Portugal's two-year cost of borrowing hit the highest level since it joined the euro in a bond auction today, and the government said yields were unsustainable in the long run without Europe-wide action.

But Treasury Secretary Carlos Pina said the country did not require an international bail-out which the market sees as all but inevitable.

'These are rates that are not sustainable in the longer term, but they are still bearable at the moment, which reinforces the need for measures at the European level,' Pina said.

His comments came just two days before the first of this month's two European summits, where euro zone leaders will take the next cautious steps in their year-long effort to quell the region's debt crisis.

'We are conscious that the rates remain high and have been worsening, implying a need for an urgent European plan of measures to make the (European Financial Stability) fund more flexible,' Pina said. These measures are likely to be discussed in detail at the European Union summit on March 24-25.

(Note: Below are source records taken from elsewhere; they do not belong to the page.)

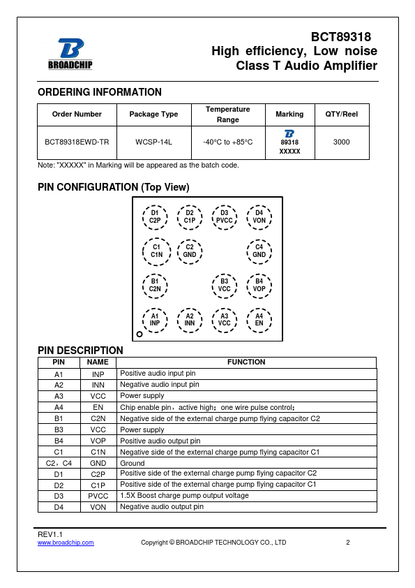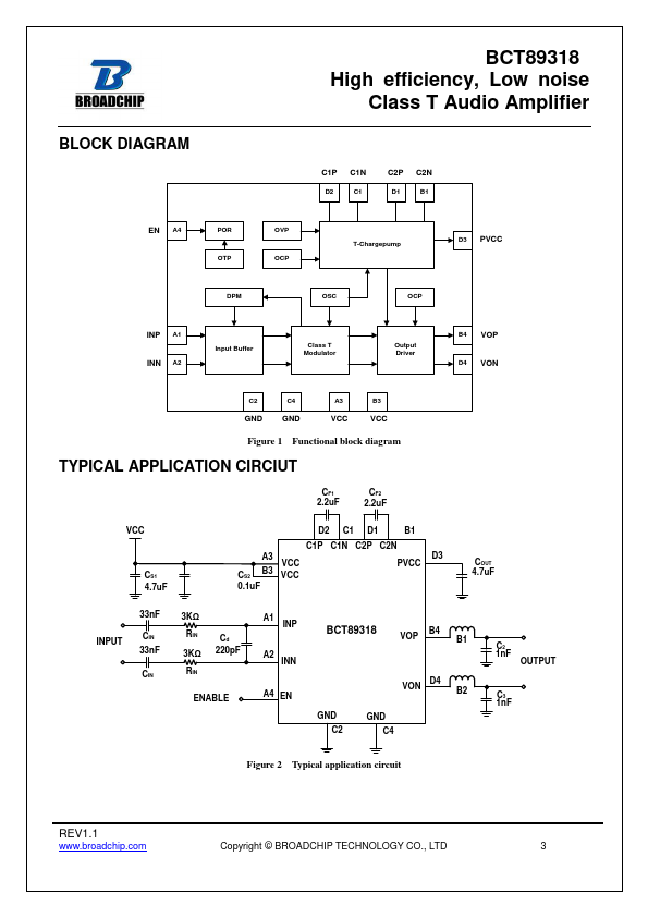 BCT89318 is specifically designed to enhance smart mobile phone sound quality, which is an innovative high efficiency, low noise, ultra-low distortion, constant large volume, Class T audio amplifier, Using our unique Digital Power Modulation(DPM) audio algorithm, effectively eliminate audio noise, increase signal Dynamic range which will greatly improve sound quality and volume.
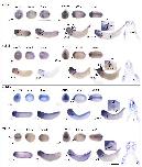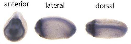 efna4 (ephrin A4) gene expression in X. laevis embryo, assayed whole-mount via situ hybridization (WISH) at NF stage 16, anterior, lateral and dorsal views. |
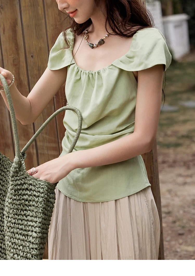 MISHOW French Summer Shirt Women 2025 New Short Flying Sleeve Square Collar Solid Slimming Blouses Female Versatile MXE34X1804

He said Portugal was doing what is needed to put its public finances in order and 'does not need external help'.

Portugal's government aims to cut the budget deficit this year to 4.6% from gross domestic product after beating last year's target of 7.3%. The yield on the September 2013 bond soared to 5.993% from 4.086% in an auction last September, also surpassing the 5.396% yield in the sale of a longer-dated October 2014 paper in January.

Portuguese bonds have been under heavy investor pressure on concerns the country will not be able to avoid following Greece and Ireland in requesting an international bailout.

Despite growing investor and peer pressure to request an EU/IMF bailout to ease its debt crisis, Portugal's government has dug in its heels in resisting such a move, saying it can sustain high bond yields for a while.